# Cork size



## Broge5 (Dec 8, 2013)

I'm about to put a port style in some Belissmo bottles I picked up on Craigslist. I have used about 10 of them for splits so far, but I noticed today on George's site that he recommends to use #7 or #8 corks. I have been using the same #9 that I was using with the full size bottles. Is this bad?


----------



## novalou (Dec 8, 2013)

Broge5 said:


> I'm about to put a port style in some Belissmo bottles I picked up on Craigslist. I have used about 10 of them for splits so far, but I noticed today on George's site that he recommends to use #7 or #8 corks. I have been using the same #9 that I was using with the full size bottles. Is this bad?
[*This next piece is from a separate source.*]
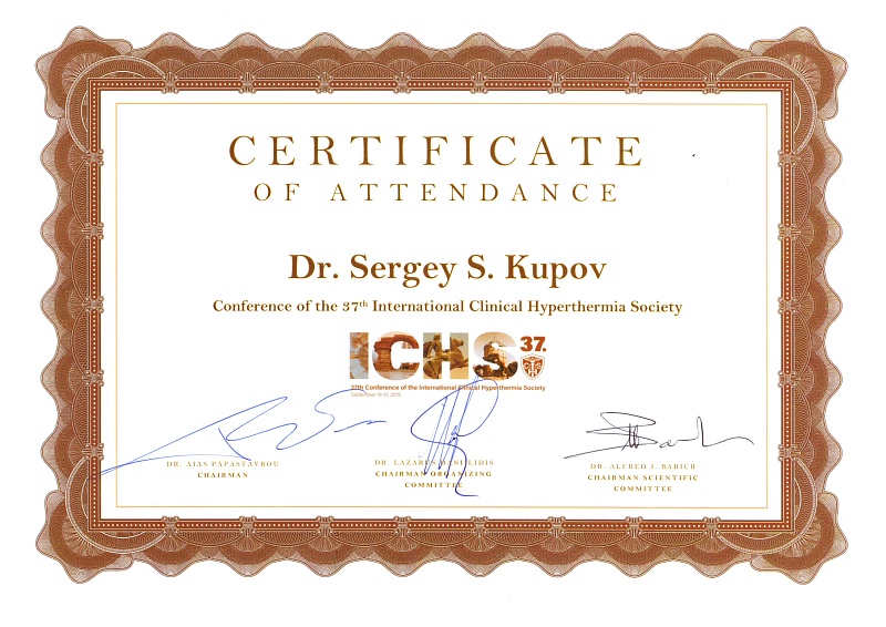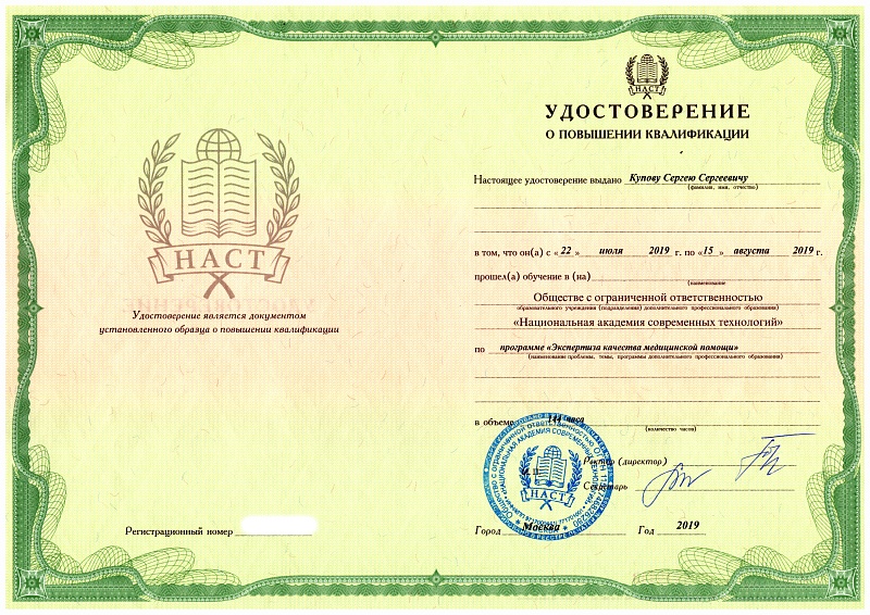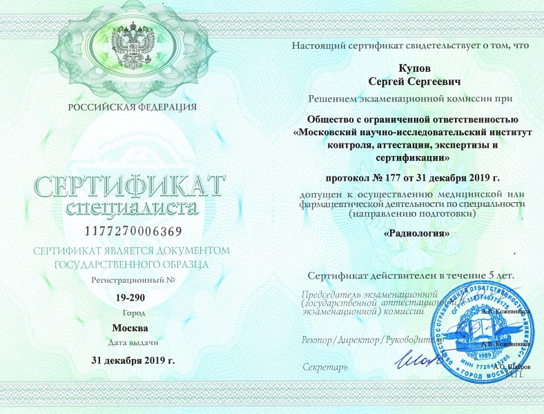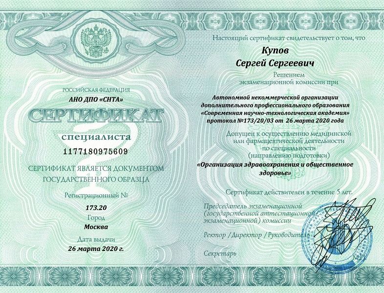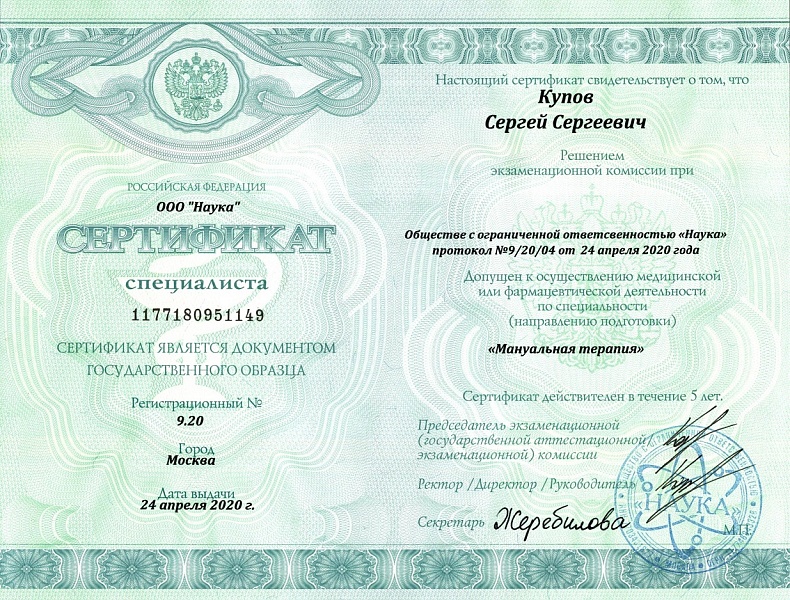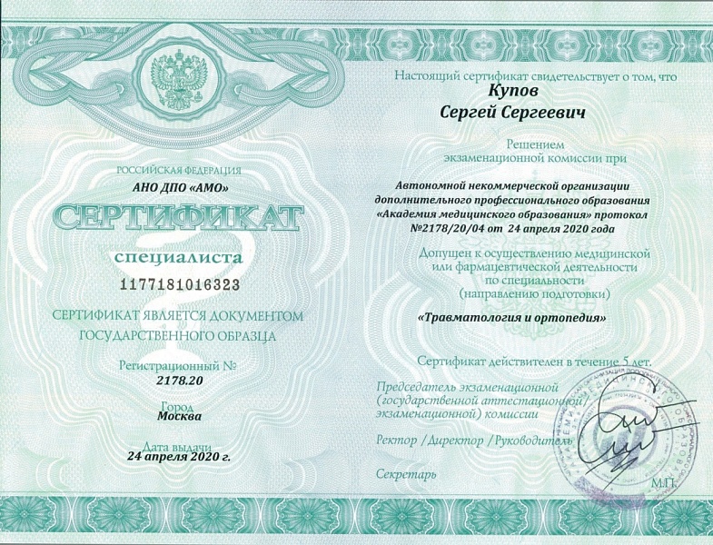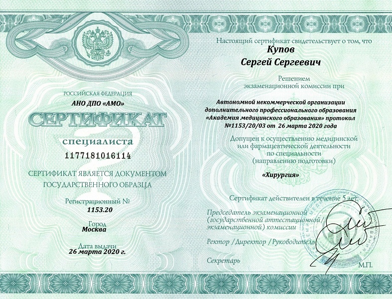Имею действующие сертификаты по специальностям: «онкология», «травматология и ортопедия», «хирургия», «мануальная терапия», «организация общественного здоровья и здравоохранения».

If you have a corker for #9's, use those.


----------



## MrKevin (Dec 8, 2013)

#9 corks have a slightly larger diameter, so if you have a floor corker or are able to get them inserted, use them of course. #9's are all I use, I like to store most my wine for long periods of time.


----------



## jamesngalveston (Dec 8, 2013)

all things cork..

http://www.pressedforwine.com/equipment/corks.shtml/


----------



## Broge5 (Dec 8, 2013)

Good. I'm using a floor corker, Portuguese I think. No problem getting them in the bottles.


----------



## Broge5 (Dec 8, 2013)

James, thanks for the link


----------



## Runningwolf (Dec 8, 2013)

Yes #9, thats what I always use.


----------



## ibglowin (Dec 8, 2013)

Agree, especially with a Port wine that could be around for ~5 years or more depending on how much you make.


----------



## homer (Dec 15, 2013)

Insert a dime,
use a nine.

If the dimes too tight,
use an eight or it'll be a fight.


OK a poet I ain't. bk


----------